Little pig, says the voice in her head. It is sad and sorrowing, hopeful and despairing. Little pig, little pig, let me come in?
She gulps. Perhaps it’s reformed, she thinks, and then she looks at the thin bleeding gash on her flank. Perhaps not.
Not by the hair of my chinny chin chin.
Then I’ll huff and I’ll puff and I’ll blow your house down.
“Anu,” says her mother, “Oh, my Anusuya.”
She rolls thankfully into her mother’s warmth, her embrace. The shots have taken their effect. There is no warm, rank wolf-breath; she is not a pig, just a young girl suffering from malaria. Dr Mukherjee’s face, bespectacled, swims into view, and she smiles at him.
“You had a few bad moments there, my dear,” he says.
“I know,” she says, “but I guess it’ll be fine now. It must have been the fever.”
“Yes,” he says, “malaria can do strange things.”
She rests, looking up at the whitewashed ceiling, down at the brocaded curtains, around at the quiet normalcy of her room. She feels a slight itch, and massages a small scratch on her leg—she must have cut herself somehow, thrashing around with the fever. But it will be all right; in a week or two, she’ll be back at the basketball courts, perhaps a little weaker than normal. She’ll get her strength back eventually, and she can still be there for the big game, the one versus Loyola.
She can hear the front door open and close, as her mother goes out to see off Dr Mukherjee. Her bedroom window opens out onto the road, and she can hear their voices, a distant, comforting murmur.
Anu wonders whether she should switch on the TV, but the remote control is out of reach, and she doesn’t feel like getting up. The pillows have been stacked just right; she likes their coolness against her head.

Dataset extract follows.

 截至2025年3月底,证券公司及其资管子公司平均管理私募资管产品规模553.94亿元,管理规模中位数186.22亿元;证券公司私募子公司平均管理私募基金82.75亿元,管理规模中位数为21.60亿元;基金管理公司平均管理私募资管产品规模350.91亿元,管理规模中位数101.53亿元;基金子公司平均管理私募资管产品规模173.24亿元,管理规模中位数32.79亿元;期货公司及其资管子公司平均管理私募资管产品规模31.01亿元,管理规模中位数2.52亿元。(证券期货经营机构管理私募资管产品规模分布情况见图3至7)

Then she hears a creak, as the front door opens again. That must be Ma, coming back in; but no, her mother is still outside, talking to the doctor.

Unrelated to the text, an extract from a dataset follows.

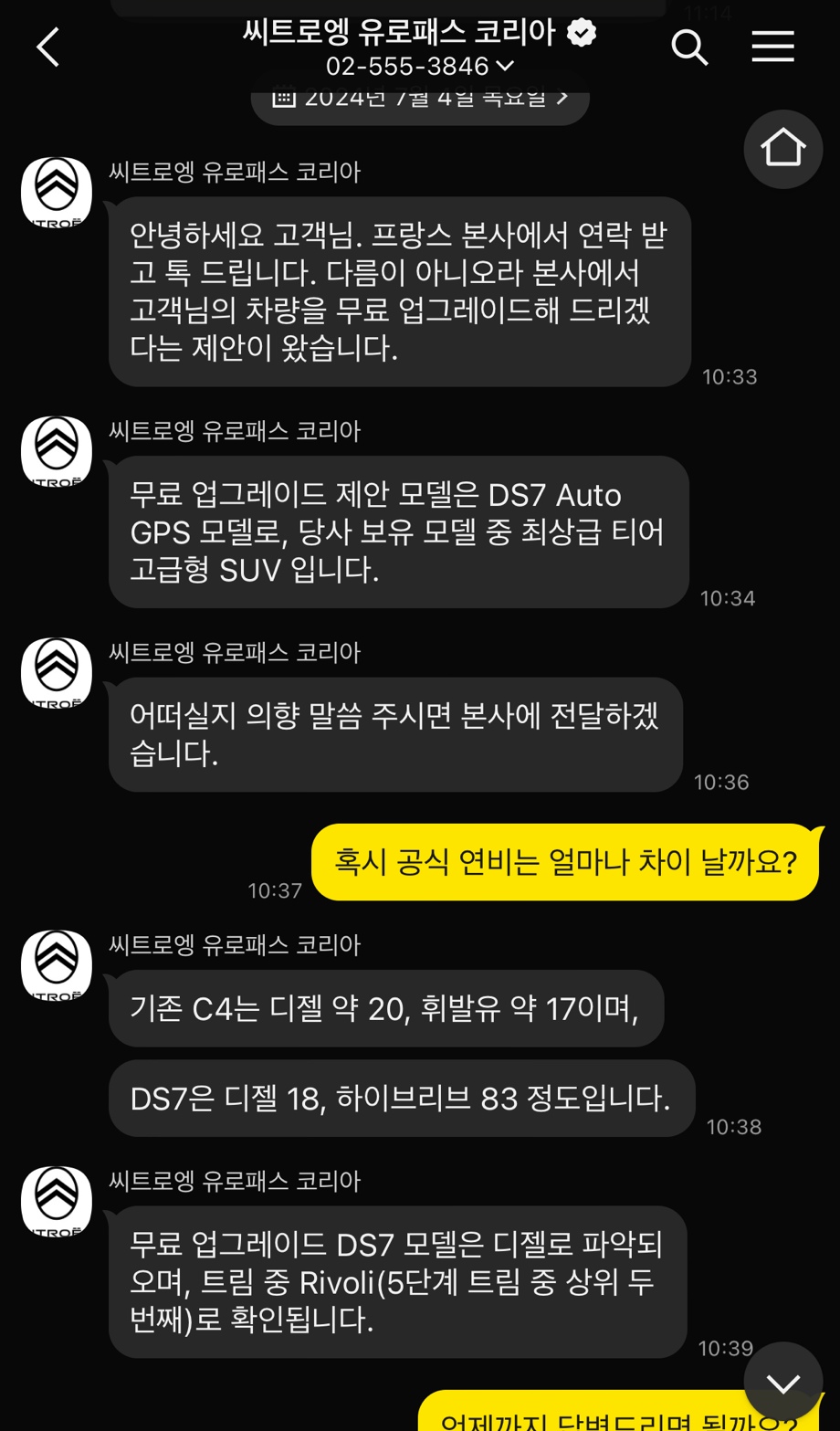 직접 TT Car사이트에서 받은 견적과 카톡에서 시트로엥 유로패스 코리아에서 받은 견적이 얼마 차이가 나지 않아서 한국말로 편하게 안내받고 궁금한 것을 질문하기 위해서 카톡으로 신청하게 되었다.

The bedroom door opens just a crack. She can see the red reflection from the Chinese lantern in the hallway. “Ma,” calls Anusuya. “Ma, is that you?”
There is no response, but she can hear something now. It sounds like the heavy breathing of a dog, she thinks, except that she doesn’t know anyone who has a dog in the neighbourhood. There’s a strange smell. Like wet fur and the rotting leaves in a forest.

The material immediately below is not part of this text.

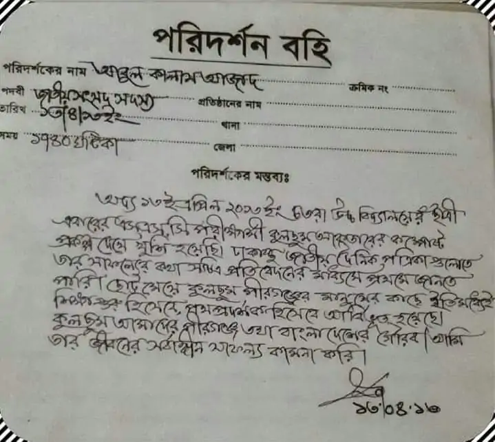অদ্য ১৩ই এপ্রিল ২০১৩ ইং চতরা উচ্চ বিদ্যালয়ের ছাত্রী এবারের এস.এস.সি পরীক্ষার্থী কুলসুম আক্তারের কম্পোস্ট প্রকল্প দেখে খুশি হয়েছি। ঢাকাস্থ জাতীয় দৈনিক পত্রিকা গুলোতে তার সাফল্যের কথা সচিত্র প্রতিবেদনের মাধ্যমে প্রথমে জানতে পারি। ছোট মেয়ে কুলসুম পীরগঞ্জের মানুষের কাছে ইতিমধ্যেই শিক্ষাগুরু হিসেবে পথপ্রদর্শক অভিভূত হয়েছে। কুলসুম আমাদের পীরগঞ্জ তথা বাংলাদেশের গৌরব। আমি তার জীবনের সর্বাঙ্গীন সফল কামনা করি।

“Ma?” calls Anu, but what comes out is a thin, high squeal. She turns, trying to get out of bed, and feels a heavy, hairy paw across her windpipe, and looks into a pair of flat yellow eyes. The wolf’s muzzle is matted and its breath stinks of rotting meat. There is mud on the sheets, and at the bottom of the bed, her flailing feet catch on thorny branches.
Outside, her mother is saying, “I hope so, Doctor. I’ll try the lemon barley water, she hasn’t been able to keep much down.”
Inside Anu’s room, as her bones are snapped one by one, a voice, as deadly as datura and as soft as marshmallow, says softly, “Hello, pig.” And then the wolf’s gleaming white teeth flash down.